When I start my game without touching any controls, my player starts to spin to the left on its own!!! Everything was working fine till I was trying to change some inputs in the manager to get my gamepad working. However, I can’t figure out what got changed that would make this happen. Please help.
And I don’t have a rigid body on my character. When I unplug the controller it seems to stop though… But I need the controller.

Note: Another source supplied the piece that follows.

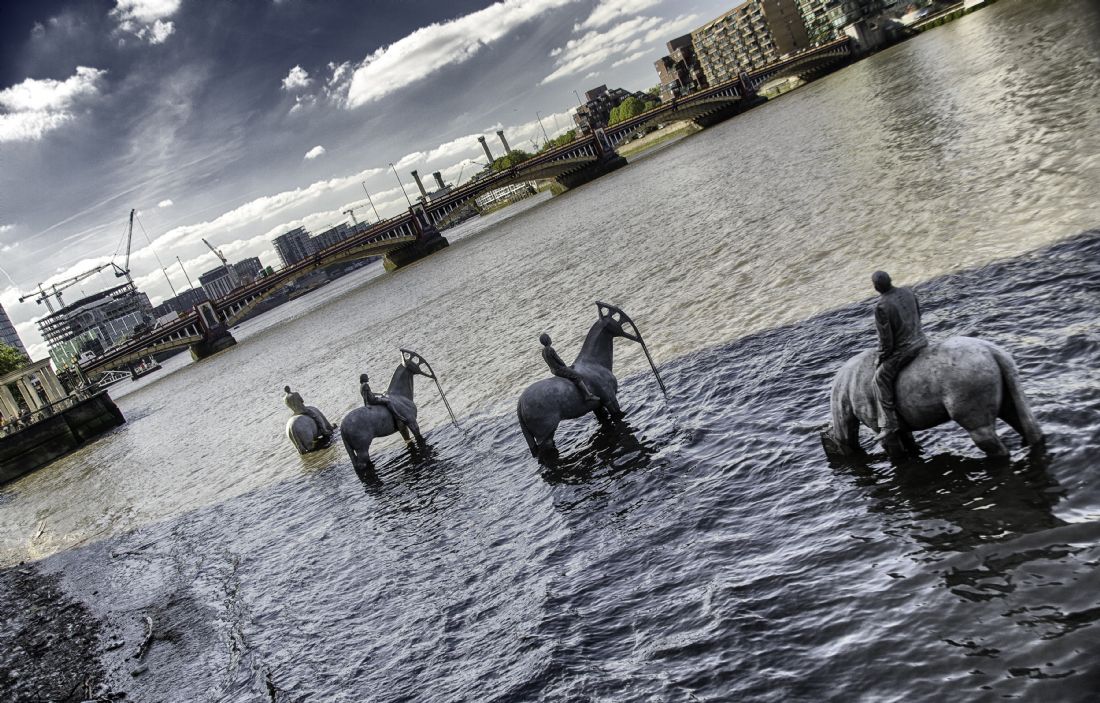River Thames installation, 2015 at Vauxhall by Jason deCaires Taylor. Note the four horsemen lead you to the US embassy, then under construction. Battersea Power Station and Vauxhall Bridge are also in evidence

EDIT I fixed the spinning, I think it was caused by my 2nd mouse, I just unplugged it. But now, since I was messing around with the input, I mangange to really mess it up and can’t get my gamepad back up and running. I followed 5 different tutorials and nothing is working. It seem like everything is backwards when I set it up, like the right stick does what the left should do, and everything is inverted. I just need a InputManger.asset and script for a gamepad. Where would I find that??? HEHEH
Increase your thumbstick sensitivity threshold. Refer to your native library documents for how to include into unity. Something like GameState.GamePad.Thumbstick.Left.SensitivityThreshold=0.1; // normalized value 0.0-1.0
Unity is spinning you because the controller says the thumbstick has been moved too much. The same principle applies when you are trying to ‘sneak’ vs ‘run’ in a game, this is a simple variance in the amount of change that has been applied to the thumbstick.
Old controllers have loose, worn sticks, confuse unity/threshold sensitivity, because they are constantly reporting these values because the stick cannot hold itself upright perfectly, and the controller knows this.
IF this is your problem, this IS the answer. But, maybe you actually have a code error, who knows yet. Your description was kind of vague.
Good luck
This is what DeadZone was invented for.
Sticks never hit 0. They always offset by some tiny amount.
Recalibrate the sticks in Windows (Devices and Printers). Introduce deadzone in Input Manager.
You can test if it is some offset by flicking your stick out and letting go. The springy metal in the stick assembly gets a bit worn in a short period of time.